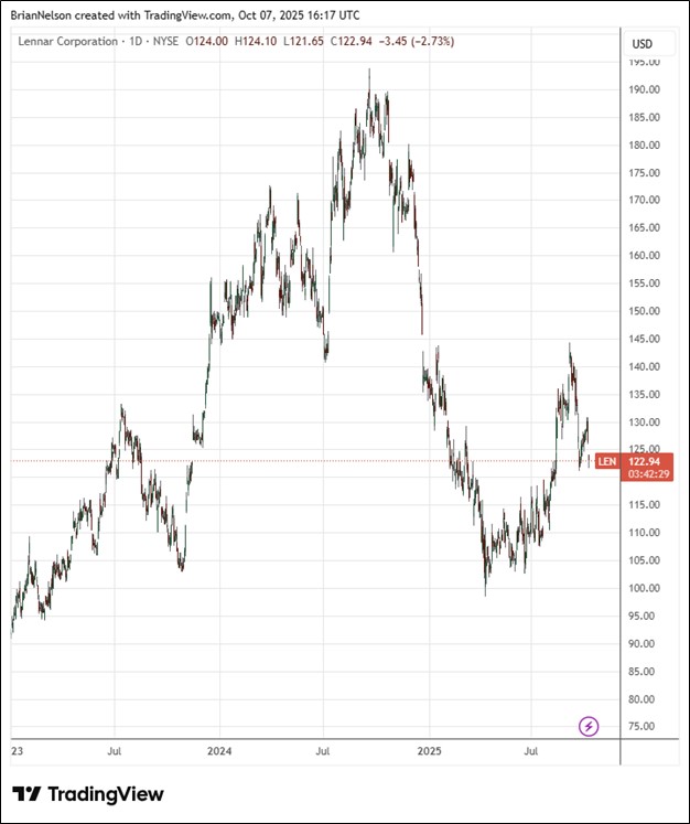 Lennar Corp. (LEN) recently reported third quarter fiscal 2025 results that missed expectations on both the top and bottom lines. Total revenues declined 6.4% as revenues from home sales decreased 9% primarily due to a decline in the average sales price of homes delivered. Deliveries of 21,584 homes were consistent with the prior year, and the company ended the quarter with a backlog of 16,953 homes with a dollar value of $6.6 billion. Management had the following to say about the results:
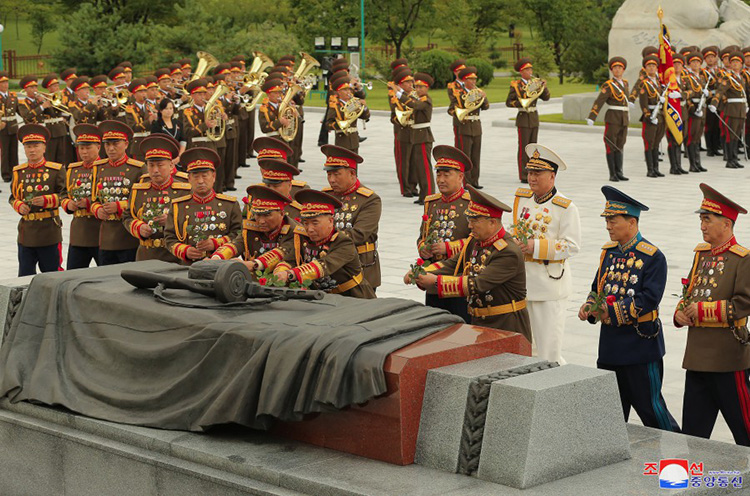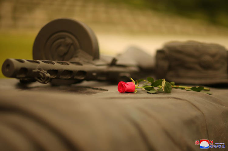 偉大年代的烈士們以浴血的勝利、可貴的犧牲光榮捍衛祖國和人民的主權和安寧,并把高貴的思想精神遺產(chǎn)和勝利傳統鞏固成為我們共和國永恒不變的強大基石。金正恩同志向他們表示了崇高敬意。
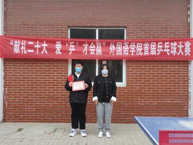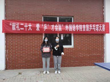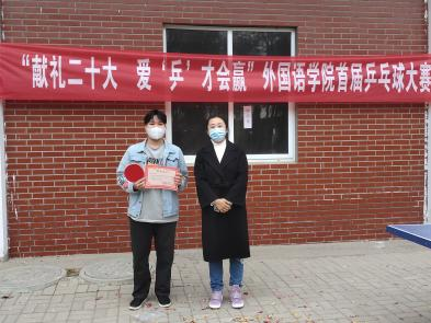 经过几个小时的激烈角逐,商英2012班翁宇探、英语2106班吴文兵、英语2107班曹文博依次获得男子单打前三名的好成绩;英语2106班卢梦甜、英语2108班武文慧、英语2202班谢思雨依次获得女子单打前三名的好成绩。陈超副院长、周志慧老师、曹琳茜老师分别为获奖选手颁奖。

======

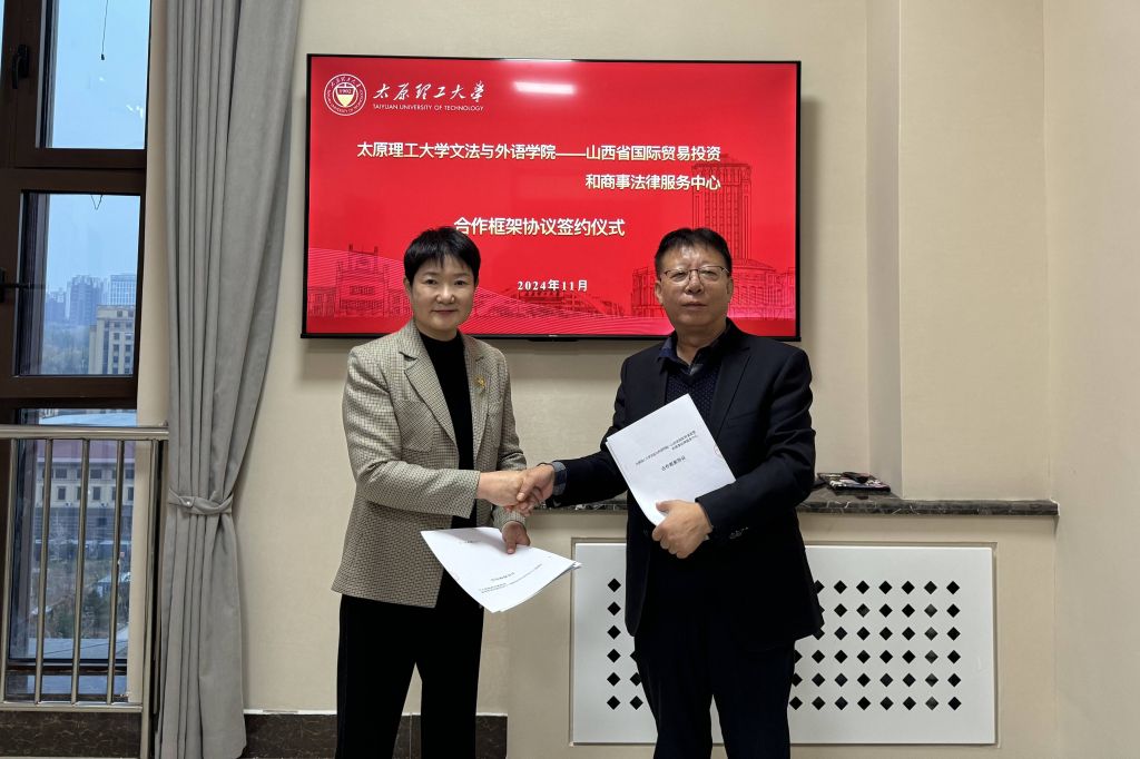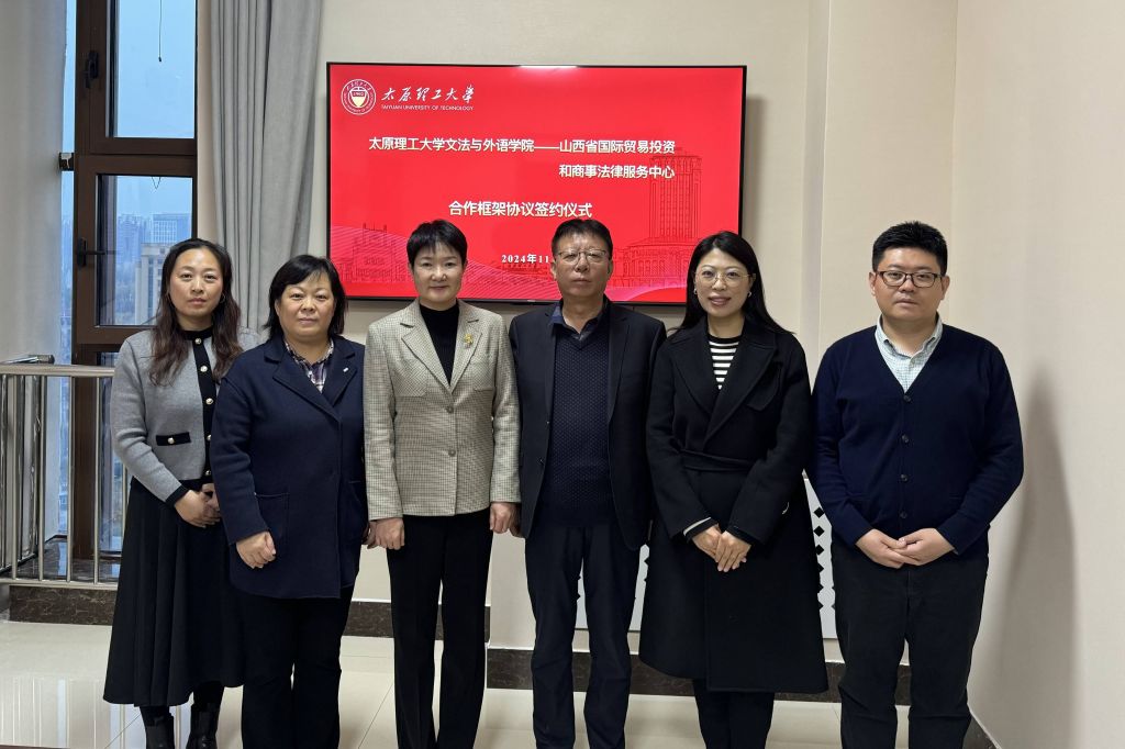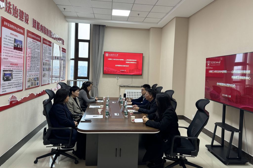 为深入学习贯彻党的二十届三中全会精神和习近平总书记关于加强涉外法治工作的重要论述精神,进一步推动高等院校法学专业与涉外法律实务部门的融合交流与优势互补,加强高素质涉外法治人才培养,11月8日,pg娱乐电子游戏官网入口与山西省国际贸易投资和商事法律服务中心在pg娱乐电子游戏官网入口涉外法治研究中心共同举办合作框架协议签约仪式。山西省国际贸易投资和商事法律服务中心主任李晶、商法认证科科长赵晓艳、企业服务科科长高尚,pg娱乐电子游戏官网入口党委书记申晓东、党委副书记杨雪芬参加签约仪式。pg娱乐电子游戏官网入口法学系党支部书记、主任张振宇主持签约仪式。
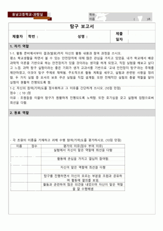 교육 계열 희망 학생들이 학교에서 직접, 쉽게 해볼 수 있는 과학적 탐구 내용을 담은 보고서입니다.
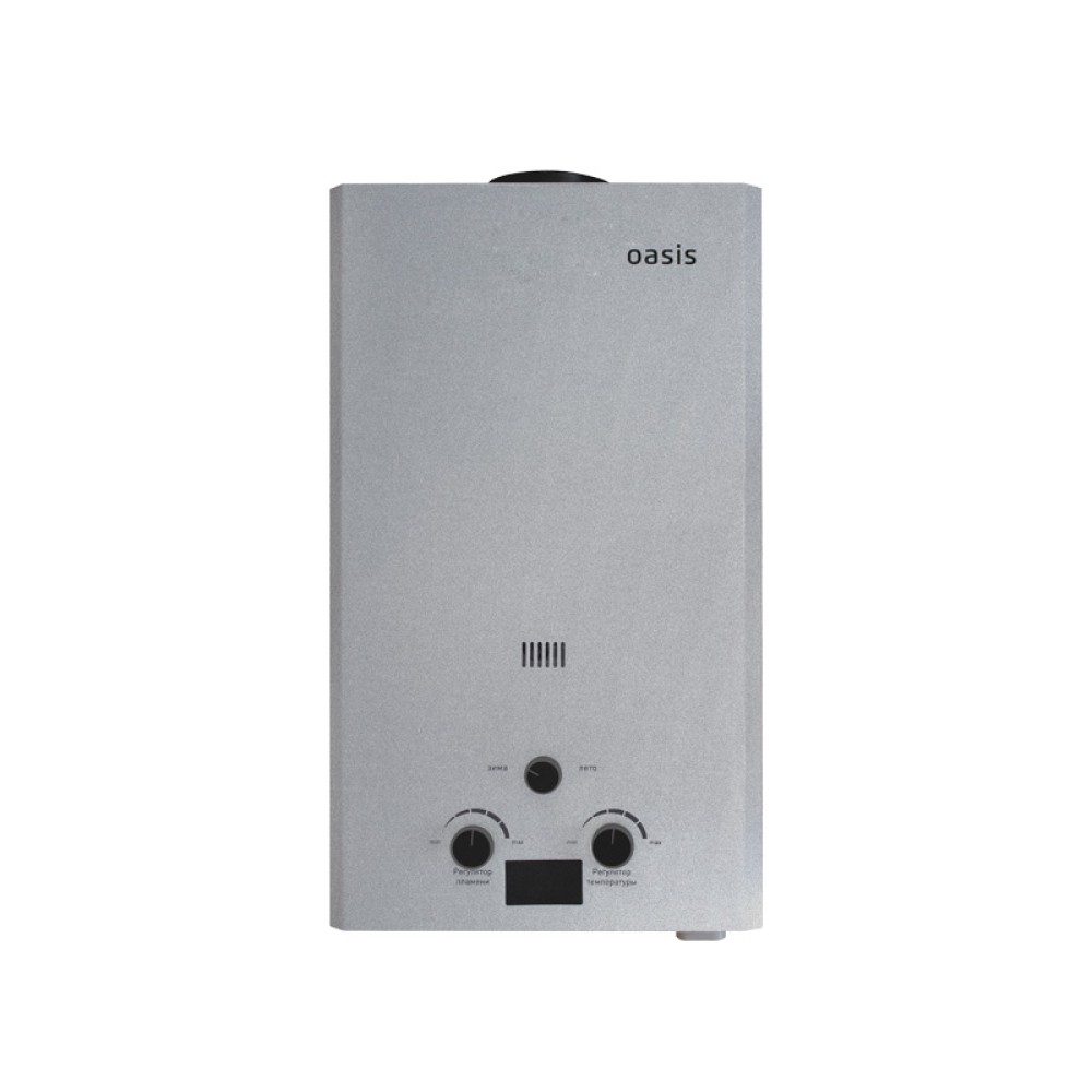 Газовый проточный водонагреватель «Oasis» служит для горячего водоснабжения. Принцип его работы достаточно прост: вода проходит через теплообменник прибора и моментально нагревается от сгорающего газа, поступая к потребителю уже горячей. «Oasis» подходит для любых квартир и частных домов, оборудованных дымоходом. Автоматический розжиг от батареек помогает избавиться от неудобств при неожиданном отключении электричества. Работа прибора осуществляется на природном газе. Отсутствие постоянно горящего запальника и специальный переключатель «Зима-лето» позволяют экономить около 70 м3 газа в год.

======

• **TASK DETAILS**
Would you set down only the lines above from the line with "Lennar Corp. (LEN)" to the line with "经过几个小时的激烈角逐,商英", both included, exactly as they stand and without the pictures?

• **TASK SOLUTION**
 Lennar Corp. (LEN) recently reported third quarter fiscal 2025 results that missed expectations on both the top and bottom lines. Total revenues declined 6.4% as revenues from home sales decreased 9% primarily due to a decline in the average sales price of homes delivered. Deliveries of 21,584 homes were consistent with the prior year, and the company ended the quarter with a backlog of 16,953 homes with a dollar value of $6.6 billion. Management had the following to say about the results:
 偉大年代的烈士們以浴血的勝利、可貴的犧牲光榮捍衛祖國和人民的主權和安寧,并把高貴的思想精神遺產(chǎn)和勝利傳統鞏固成為我們共和國永恒不變的強大基石。金正恩同志向他們表示了崇高敬意。
 经过几个小时的激烈角逐,商英2012班翁宇探、英语2106班吴文兵、英语2107班曹文博依次获得男子单打前三名的好成绩;英语2106班卢梦甜、英语2108班武文慧、英语2202班谢思雨依次获得女子单打前三名的好成绩。陈超副院长、周志慧老师、曹琳茜老师分别为获奖选手颁奖。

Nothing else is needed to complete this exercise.